20 Oct 2022
Macroeconomics for dummies: A Comprehensive Guide
In this article, we'll do our best to help you understand how the big picture of macroeconomics influences crypto and financial markets.
Introduction to Macroeconomics and Crypto
How Macroeconomics Influences the Crypto Landscape
If you somehow found yourself reading this article, just know you’re not a dummy. We're here to help you make sense of the broader crypto landscape - and part of that means understanding the broader macroeconomic landscape.
This article is part of Flagship’s ongoing series of crypto-industry news and updates from across the Cryptoverse. Join our Discord and never fall behind on what’s happening in crypto!
Macroeconomics and Financial Market Predictions
So, what do we mean by macro and what does it have to do with crypto? Currently, we’re experiencing international conflicts, supply chain issues, inflation is soaring and so much more (that I can write a weekly article about recapping the weekly macro news). Notably, macroeconomic factors have affected nearly all the asset markets, not just cryptocurrency, as investors struggle to find a safe haven for their money.
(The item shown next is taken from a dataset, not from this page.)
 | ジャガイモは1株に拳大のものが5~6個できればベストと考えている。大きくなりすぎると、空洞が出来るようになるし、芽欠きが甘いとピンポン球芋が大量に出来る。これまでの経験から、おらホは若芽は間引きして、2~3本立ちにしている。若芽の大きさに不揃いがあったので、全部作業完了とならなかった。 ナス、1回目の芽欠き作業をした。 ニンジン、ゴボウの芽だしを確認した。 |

Let’s just break down the financial market really quickly. Financial markets are just a form of prediction businesses. Most investors (The reader) do not freely admit this. Probably because predictions by nature involve error, probabilities, and uncertainty. Whatever one decides to call it, your job as an investor is to properly forecast an assets direction.
I can say with confidence that you probably will not always be right. Having a good “inside view” of an asset is necessary. An example of an inside view is a company’s cash flow is doing or how the ecosystem within Ethereum is developing.
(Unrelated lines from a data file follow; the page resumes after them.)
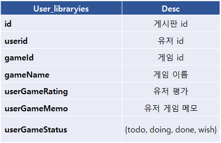User_libraryies 테이블은 유저의 라이브러리, 위시리스트 기능을 사용하기 위한 테이블이다. userid는 user테이블의 id를, gameId는 game 테이블의 id를 참조키로 사용하고 있으며 두 키의 중복은 불가능하다. gameName은 game 테이블의 name을 사용한다. userGameRating은 유저가 해당 게임을 평가한 수치이며 5점 만점을 사용한다. userGameMemo는 유저가 해당 게임의 메모 및 리뷰를 사용하기 위한 속성이다. userGameStatus는 {todo, doing, done, wish}의 값을 가지며 각각 할 게임, 하고 있는 게임, 끝낸 게임, 사고 싶은 게임을 의미하며 wish 값은 wishlist를 표기할 때만 사용하며 library에서는 사용하지 않는다.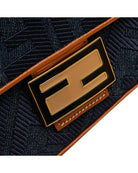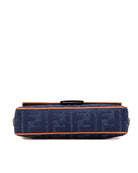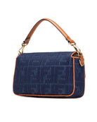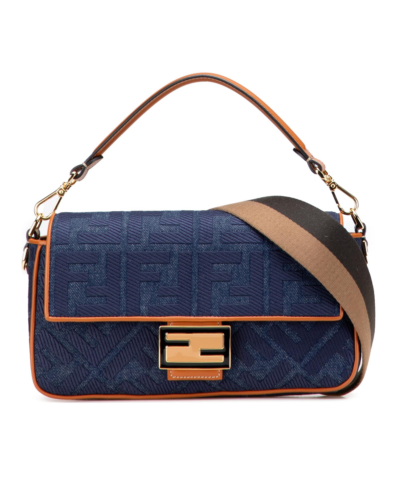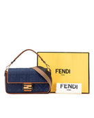 The Baguette features an embroidered denim body with leather trim a detachable flat leather top handle a detachable flat canvas strap a front flap with magnetic snap closure and an interior zip pocket.Brand: Fendi Vintage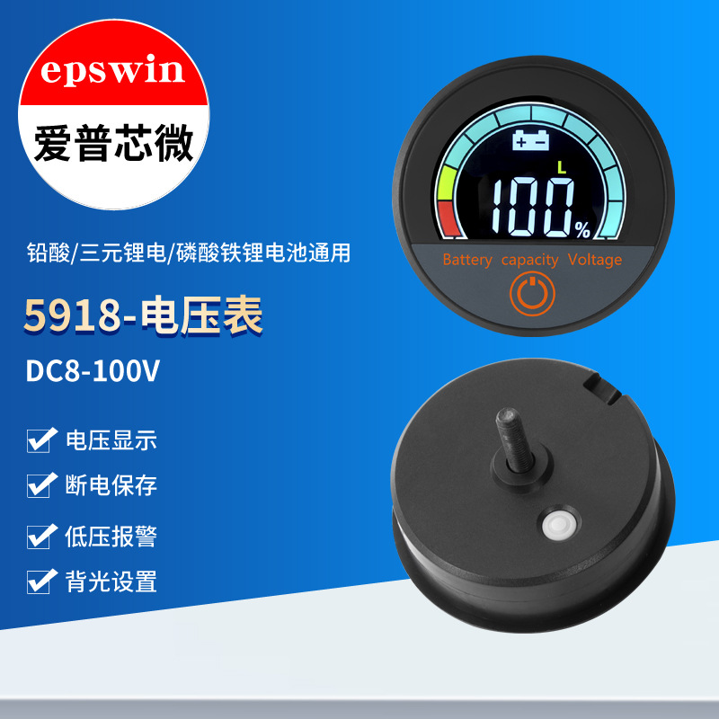 Круглый измеритель мощности 8-100 В двухпроводной Вольтметр постоянного тока 12 В свинцово-кислотная литиевая батарея Универсальная головка с цифровым дисплеем

Outside views (or top-down) are usually referred to as macro and inside views (or bottom-up) are called micro. How we define macro: anything that affects an asset that is not within the scope, examples are interest rates, investor sentiment, industry changes and central bank policies. Having a good understanding of how the world is changing (and how it is not changing) will lead one to better evaluate the potential success of financial markets. A thorough outside view will lead to a formulation of key trends that is a source of insight over other market participants and provides a necessary foundation to better predict the likelihood of an asset’s direction.
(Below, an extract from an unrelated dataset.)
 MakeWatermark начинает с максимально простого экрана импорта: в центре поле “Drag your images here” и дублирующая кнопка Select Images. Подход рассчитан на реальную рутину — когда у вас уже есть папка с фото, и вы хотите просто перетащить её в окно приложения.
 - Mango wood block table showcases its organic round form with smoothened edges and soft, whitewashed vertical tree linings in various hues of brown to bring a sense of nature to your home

Macroeconomics and the Stock Market
The Role of Indices in Measuring Economic Health
Stock market Indices are becoming an essential and inseparable part of the economies in many countries. Just look at America. They have Jim Cramer on air every day, being a counter indicator. The fact is that the health of the stock market has become the indicator to determine the healthiness of a country.
Research has mentioned that the stock market is reflecting expectations about economic conditions in the future because the stock market is showing the willingness of investors to buy at a high price level when they expect companies to be profitable. The rise in index prices indicates that investors expect the economy to grow rapidly; a decrease in index prices suggests that investors expect an economic slowdown. Whenever the stock market experiences a substantial decline, there is reason to fear that a recession may be around the corner.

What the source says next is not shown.